WHAT YOU SHOULD DO:
The full listing, excluding its pictures, should be printed exactly as it stands.

DATASET RECORDS:
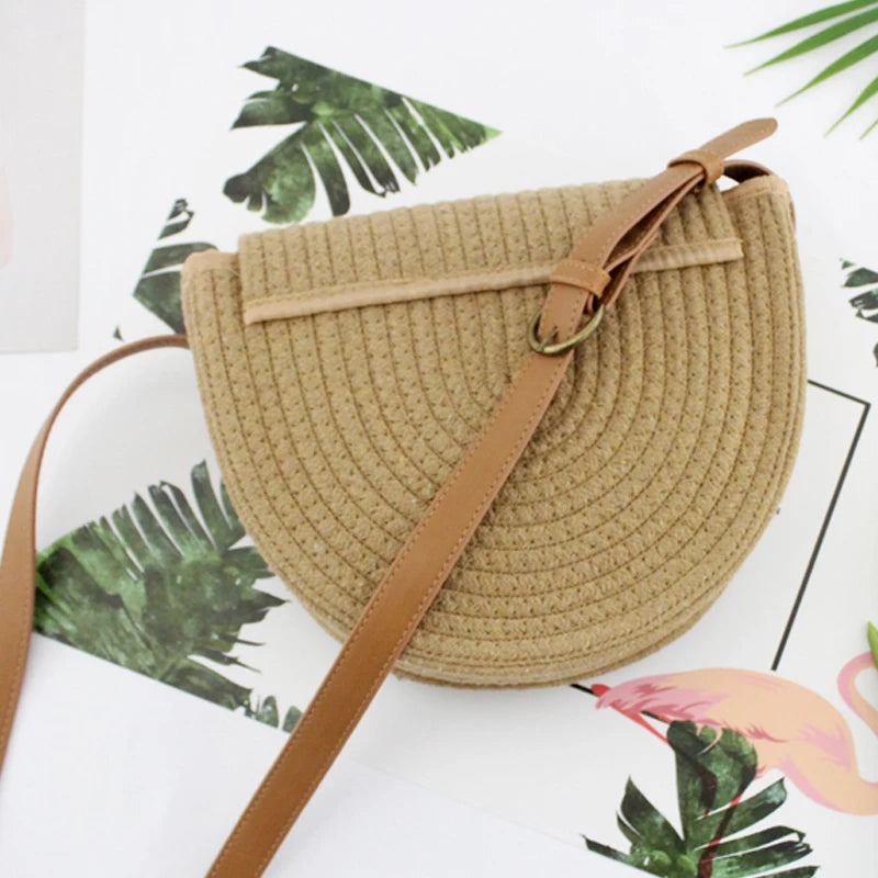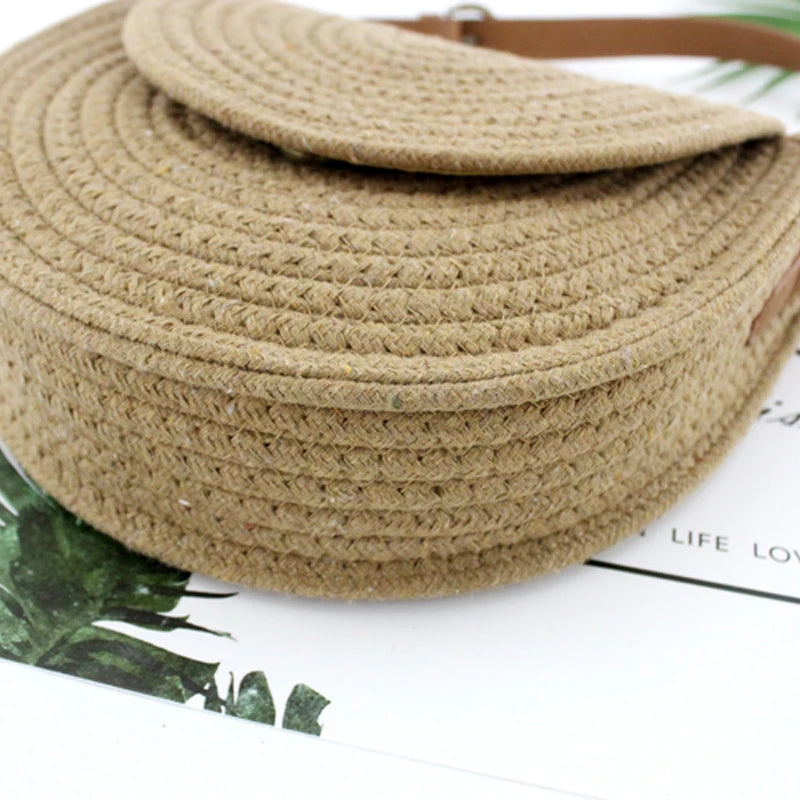 This woven clamshell bag is perfect for a casual day out. It features a compact design and can be used as a shoulder bag or messenger bag.
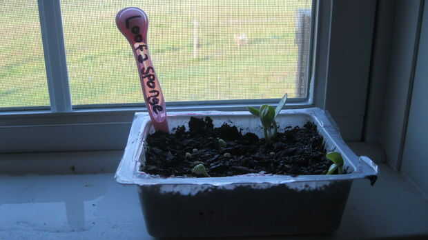 Agua lleno tofu viene en un envase de plástico que es absolutamente impresionante para las semillas. Esta es una de mis jardineras favoritas... tal vez porque era el primer brote de este año, pero de cualquier manera. Apenas se filtra, y ya es grande puede plantar un montón de semillas en ella.
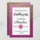 Esta impresionante invitación presenta un vibrante fondo purpurina rosa caliente adornado con glamorosos acentos purpurinas de oro, que le dan un toque de elegancia y brillo. Con su diseño femenino y elegante, es perfecto para cumpleaños y otros eventos de celebración. Personalice la invitación con sus propios detalles de fiesta para que sea verdaderamente única. Prepárate para impresionar a tus invitados con esta atractiva y glamorosa invitación que marca el tono para una memorable y deslumbrante celebración de cumpleaños.
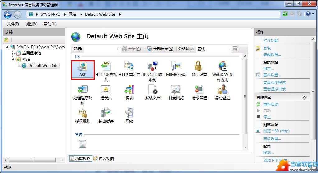 八、在IIS主界面,单击右侧的“绑定...”,选中你要绑定的网站,单击“编辑”
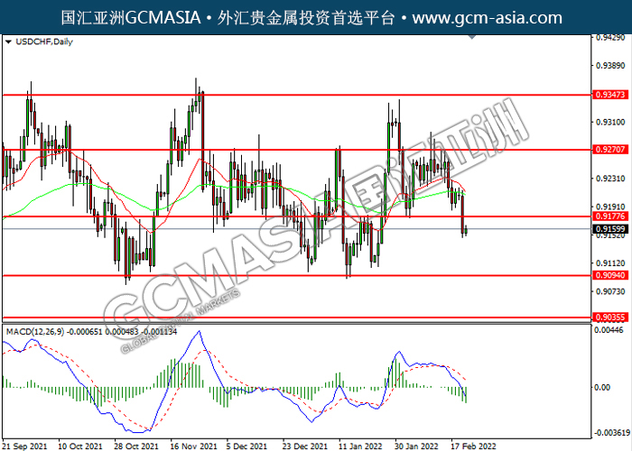 20220222 USDCHF-午间 by willy | Feb 22, 2022 | 美元兑瑞士法郎 | 0 comments USDCHF,Daily: 美瑞下破前期支撑,持续下行。MACD空头动能略增,若下破可关注空头为主。上方关注0.9180压力和0.9270压力,下方关注0.9095支撑和0.9035支撑。
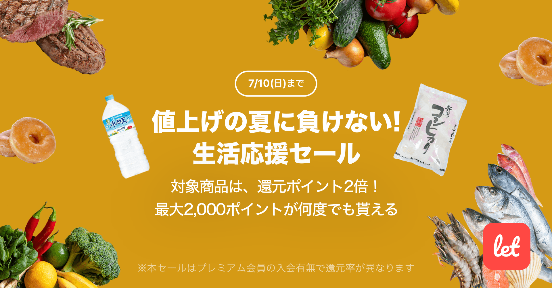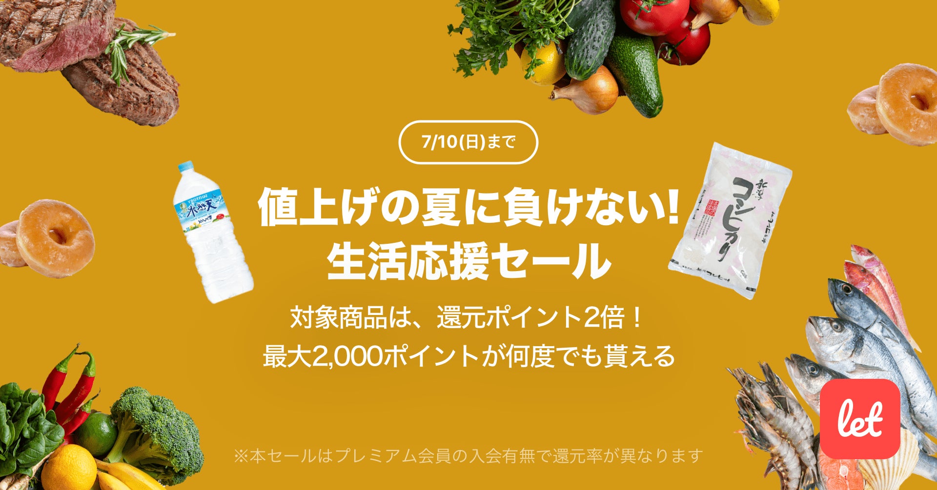 株式会社レット(本社:東京都港区、代表:佐藤 航陽)が運営する、食品ロス/在庫ロス削減のマーケット「Let(レット)」内で「値上げの夏に負けない!生活応援セール」を7月8日(金) 18:00より開催します。期間中、プレミアム会員様限定で対象の食品をご購入いただくと、2,000ポイントを上限に還元ポイントが2倍になります。期間中のご購入であれば、ポイント還元はお一人様あたり何度でもご利用いただけます。
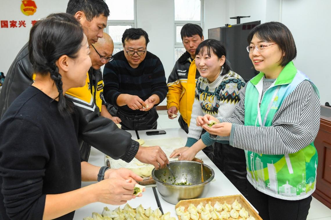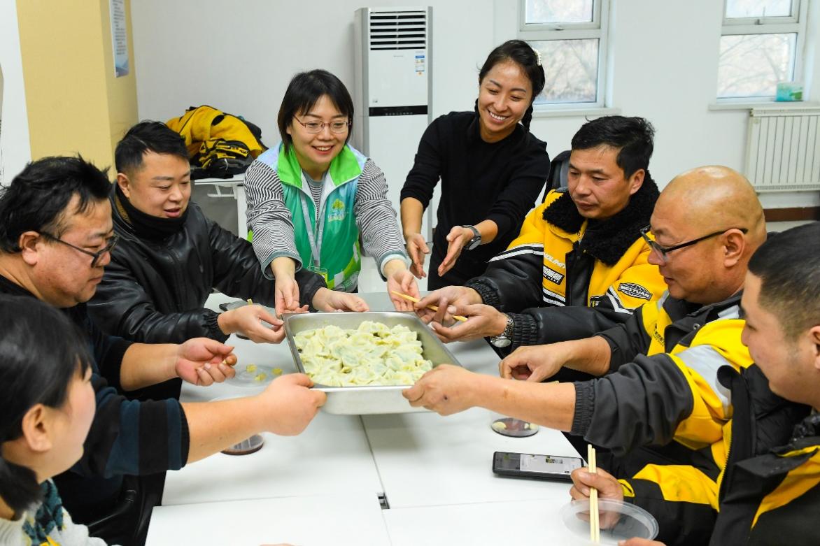 现场,志愿者们早早备好面团、馅料,与外卖骑手、快递小哥们围坐在一起擀皮、包馅。一盘盘热气腾腾的饺子新鲜出锅,浓郁的香气弥漫开来,大家品尝着亲手包的饺子,脸上洋溢着幸福的笑容。志愿者们不忘叮嘱大家,户外奔波时要注意交通安全、做好防寒保暖。
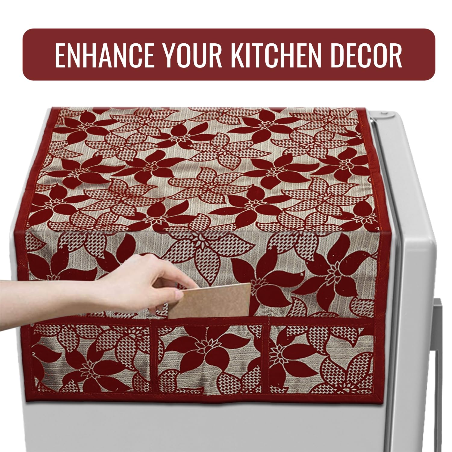 Kuber Industries is a well-known brand that provides a variety of products for your home and kitchen. One of their offerings is the Fridge Top Cover, designed to enhance both the style and usefulness of your kitchen. This cover serves as a great way to transform the top of your fridge. It helps protect the fridge's top from the usual wear and tear it faces in the kitchen. By using this cover, you can prevent scratches, spills, and the general busyness of the kitchen from affecting the top of your refrigerator. It's a practical and attractive addition to your kitchen setup.Detailed Specifications:
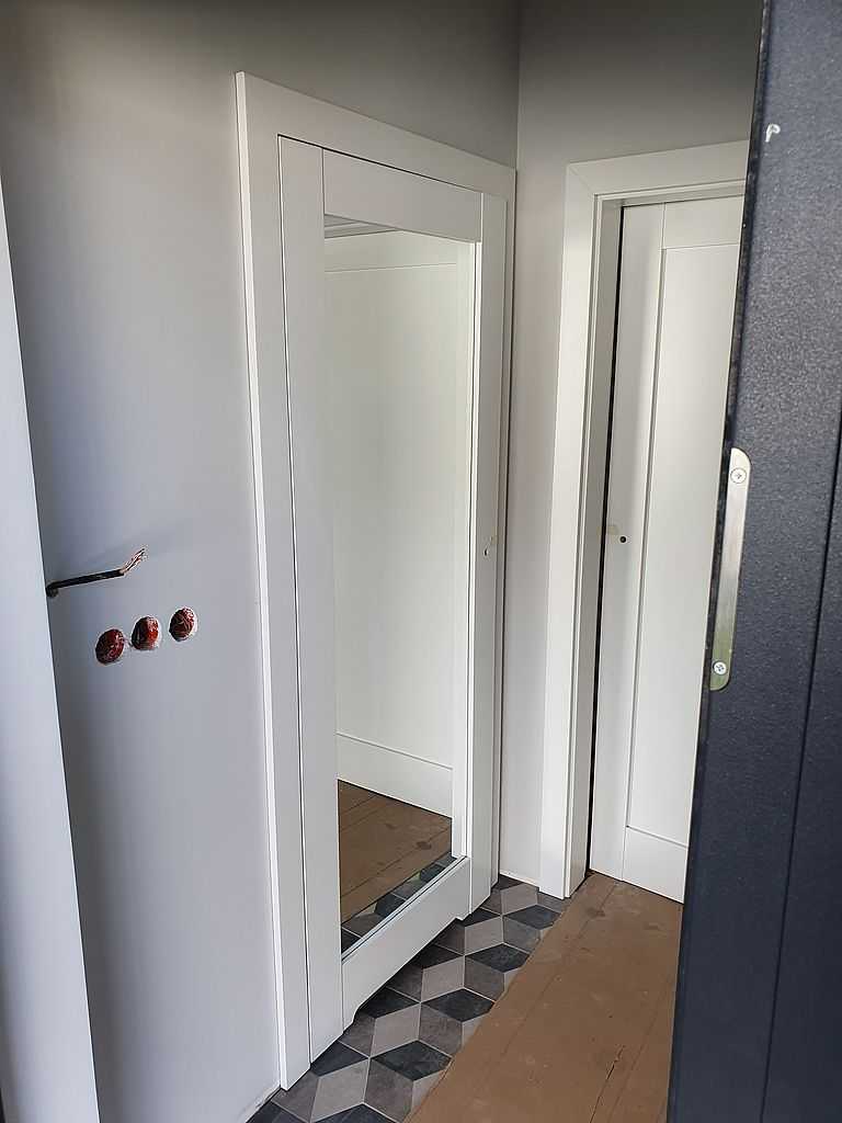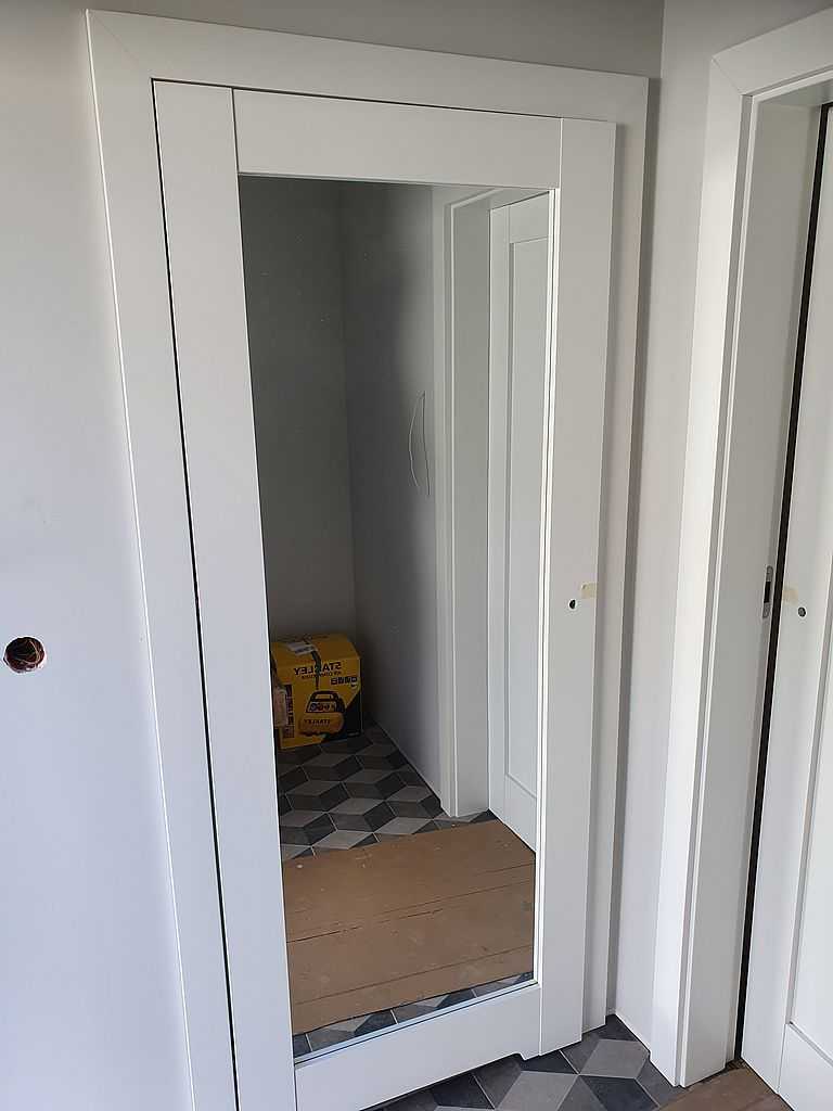 Drzwi Porta Grande Łódź. Dostarczyliśmy i zamontowaliśmy 7 kompletów drzwi PORTA w wersji bezprzylgowej z ościeżnicami regulowanymi. Drzwi ramowe posiadające specjalną wielowarstwową konstrukcją z drewna. Kolekcja drzwi Porta Grande, model A0 pełne i A1. Całość w farbie akrylowej UV. Farba ta charakteryzuje się wysoką odpornością na zarysowania, uderzenia, ścieranie i zabrudzenia. Użytkownik ma gwarancję stałości koloru na bardzo długie lata. Drzwi wyposażone w zamki magnetyczne i 3 zawiasy chowane. W modelu A1 zamontowane lustro jednostronnie. Do skrzydeł odpowiednio dopasowaliśmy ościeżnice Porta System Elegance z opaskami 8 cm o zakresach 140-160. Rozmiary drzwi: „70” i „80”.

RESPONSE TO THIS EXERCISE:
 This woven clamshell bag is perfect for a casual day out. It features a compact design and can be used as a shoulder bag or messenger bag.
 Agua lleno tofu viene en un envase de plástico que es absolutamente impresionante para las semillas. Esta es una de mis jardineras favoritas... tal vez porque era el primer brote de este año, pero de cualquier manera. Apenas se filtra, y ya es grande puede plantar un montón de semillas en ella.
 Esta impresionante invitación presenta un vibrante fondo purpurina rosa caliente adornado con glamorosos acentos purpurinas de oro, que le dan un toque de elegancia y brillo. Con su diseño femenino y elegante, es perfecto para cumpleaños y otros eventos de celebración. Personalice la invitación con sus propios detalles de fiesta para que sea verdaderamente única. Prepárate para impresionar a tus invitados con esta atractiva y glamorosa invitación que marca el tono para una memorable y deslumbrante celebración de cumpleaños.
 八、在IIS主界面,单击右侧的“绑定...”,选中你要绑定的网站,单击“编辑”
 20220222 USDCHF-午间 by willy | Feb 22, 2022 | 美元兑瑞士法郎 | 0 comments USDCHF,Daily: 美瑞下破前期支撑,持续下行。MACD空头动能略增,若下破可关注空头为主。上方关注0.9180压力和0.9270压力,下方关注0.9095支撑和0.9035支撑。
 株式会社レット(本社:東京都港区、代表:佐藤 航陽)が運営する、食品ロス/在庫ロス削減のマーケット「Let(レット)」内で「値上げの夏に負けない!生活応援セール」を7月8日(金) 18:00より開催します。期間中、プレミアム会員様限定で対象の食品をご購入いただくと、2,000ポイントを上限に還元ポイントが2倍になります。期間中のご購入であれば、ポイント還元はお一人様あたり何度でもご利用いただけます。
 现场,志愿者们早早备好面团、馅料,与外卖骑手、快递小哥们围坐在一起擀皮、包馅。一盘盘热气腾腾的饺子新鲜出锅,浓郁的香气弥漫开来,大家品尝着亲手包的饺子,脸上洋溢着幸福的笑容。志愿者们不忘叮嘱大家,户外奔波时要注意交通安全、做好防寒保暖。
 Kuber Industries is a well-known brand that provides a variety of products for your home and kitchen. One of their offerings is the Fridge Top Cover, designed to enhance both the style and usefulness of your kitchen. This cover serves as a great way to transform the top of your fridge. It helps protect the fridge's top from the usual wear and tear it faces in the kitchen. By using this cover, you can prevent scratches, spills, and the general busyness of the kitchen from affecting the top of your refrigerator. It's a practical and attractive addition to your kitchen setup.Detailed Specifications:
 Drzwi Porta Grande Łódź. Dostarczyliśmy i zamontowaliśmy 7 kompletów drzwi PORTA w wersji bezprzylgowej z ościeżnicami regulowanymi. Drzwi ramowe posiadające specjalną wielowarstwową konstrukcją z drewna. Kolekcja drzwi Porta Grande, model A0 pełne i A1. Całość w farbie akrylowej UV. Farba ta charakteryzuje się wysoką odpornością na zarysowania, uderzenia, ścieranie i zabrudzenia. Użytkownik ma gwarancję stałości koloru na bardzo długie lata. Drzwi wyposażone w zamki magnetyczne i 3 zawiasy chowane. W modelu A1 zamontowane lustro jednostronnie. Do skrzydeł odpowiednio dopasowaliśmy ościeżnice Porta System Elegance z opaskami 8 cm o zakresach 140-160. Rozmiary drzwi: „70” i „80”.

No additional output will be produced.